An example would be requiring one person to approve an invoice before another person pays it.
How many controls are there in SOC 2? As many as your organization needs to be compliant with your selected TSC.
AICPA SOC 2 Points of Focus
Unlike other information security frameworks like ISO 27001, there is no universal SOC 2 requirements checklist.
In its official SOC 2 guide, the American Institute of Certified Public Accountants (AICPA) does provide "points of focus" for each Trust Services Criteria (formerly Trust Services Principles). These points of focus are examples of how an organization can satisfy requirements for each criterion. They're intended to help organizations and service providers design and implement their control environment.
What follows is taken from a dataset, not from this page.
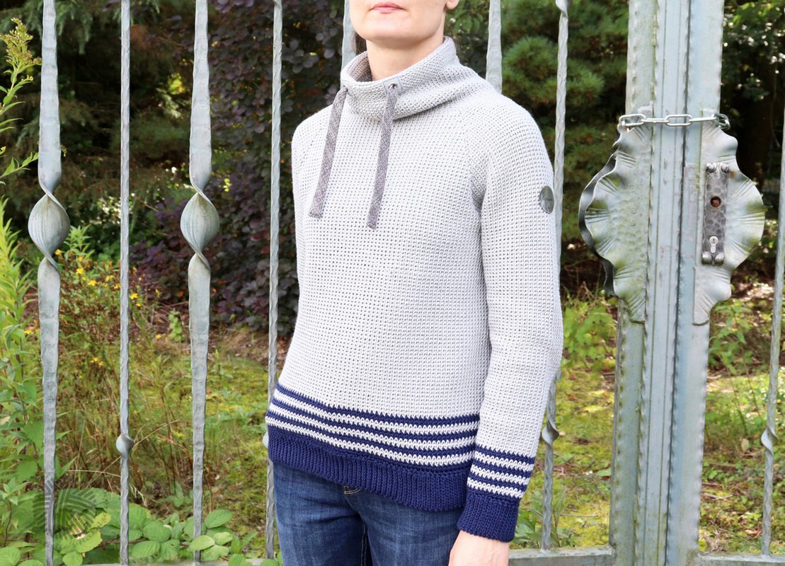 Der Pullover ist sehr gemütlich. Er wird Ihr perfekter Begleiter bei abendlichen Spaziergänge, Bummeln in der Stadt und Pausen auf der Terrasse. Er ist auch perfekt für sportliche Aktivitäten geeignet. Er kann sowohl für Winter, als auch für Sommer gehäkelt werden (abhängig von der Wolle) und ist ein unisex Reglan-Pullover (also für Frauen und Männer geeignet).
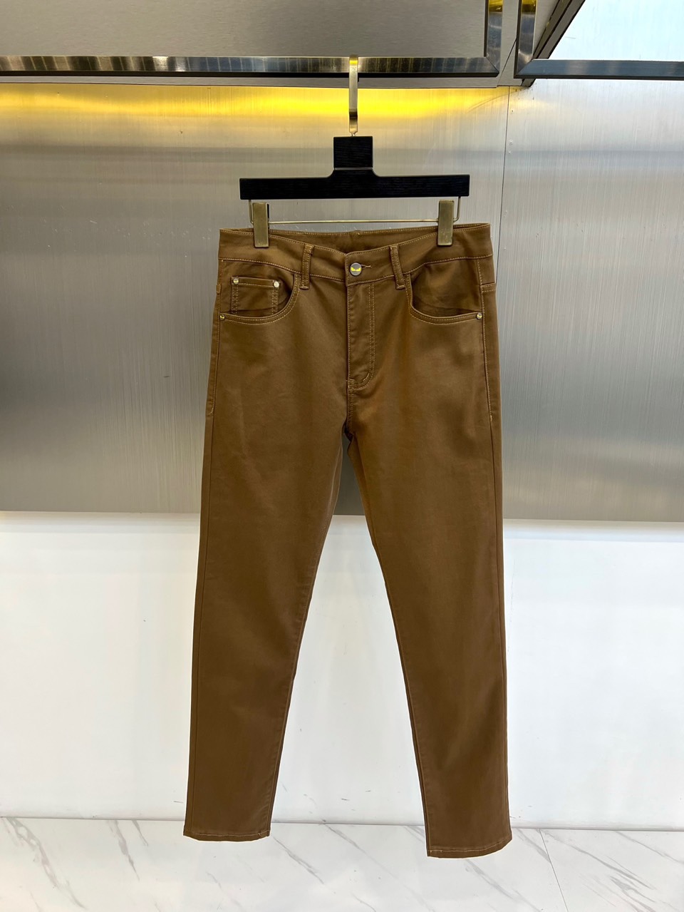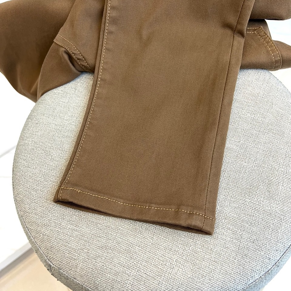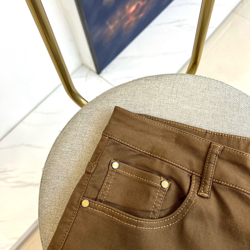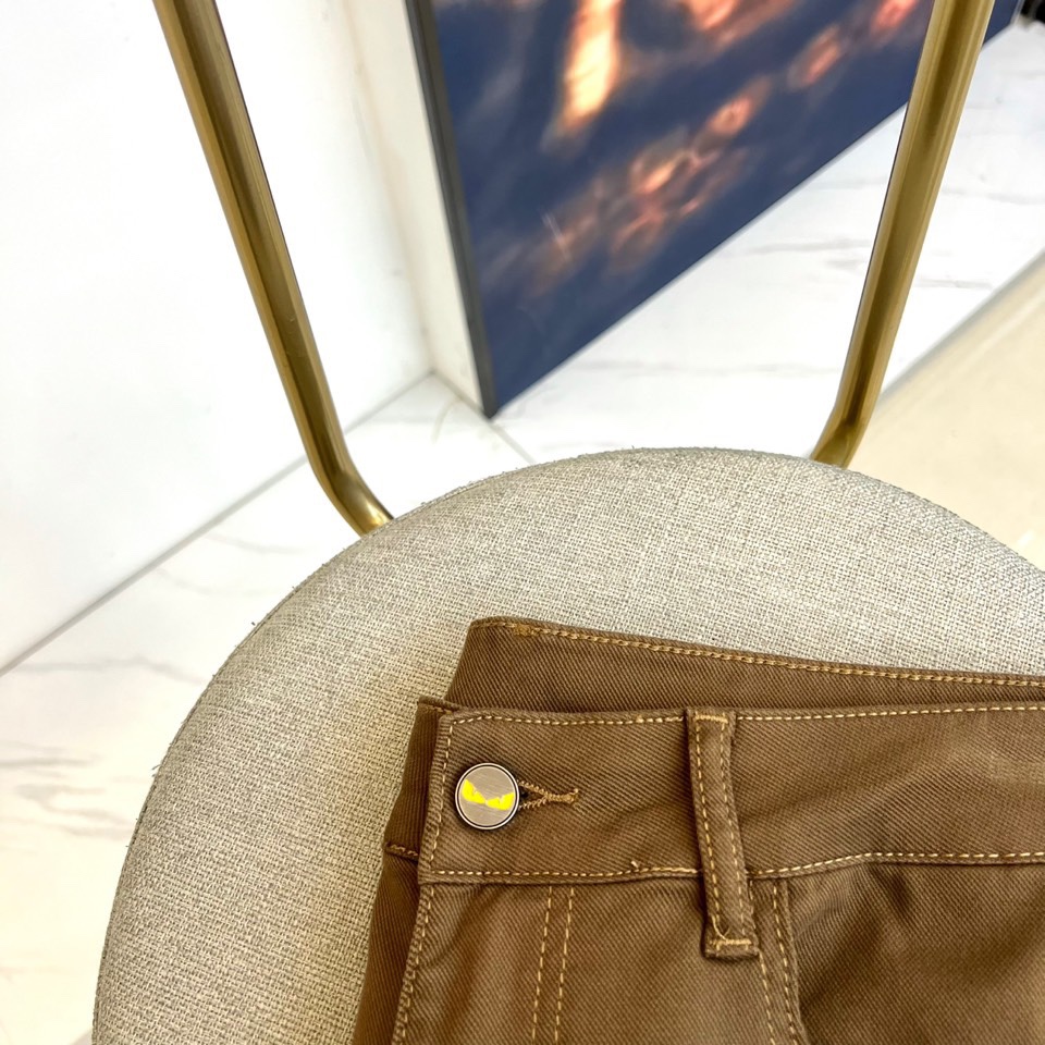 Fendi 2025 AW dark brown jeans. High-quality denim with signature leather patch and metal monster eye clasps. Italian craftsmanship. Combines street style and high fashion. Pairs with coats and leather jackets. Sizes 29-38 (no 37).

It’s important to note that the points of focus are not requirements. They're guidelines to help you better understand what you can do to meet each requirement. They’re also a good resource for understanding how an auditor will think about each TSC when evaluating and testing your organization's controls.
Here’s an example from the AICPA SOC 2 guide showing points of focus for CC1.1: Demonstrating a commitment to integrity and ethical values.
The second point of focus listed discusses standards of conduct that are clearly defined and communicated across all levels of the business. Implementing a Code of Conduct policy is one example of how organizations can satisfy CC1.1’s requirements.
So while there are specific criteria required for compliance, how your organization satisfies them is up to you and your CPA auditor. Ultimately, no two SOC 2 audits are identical.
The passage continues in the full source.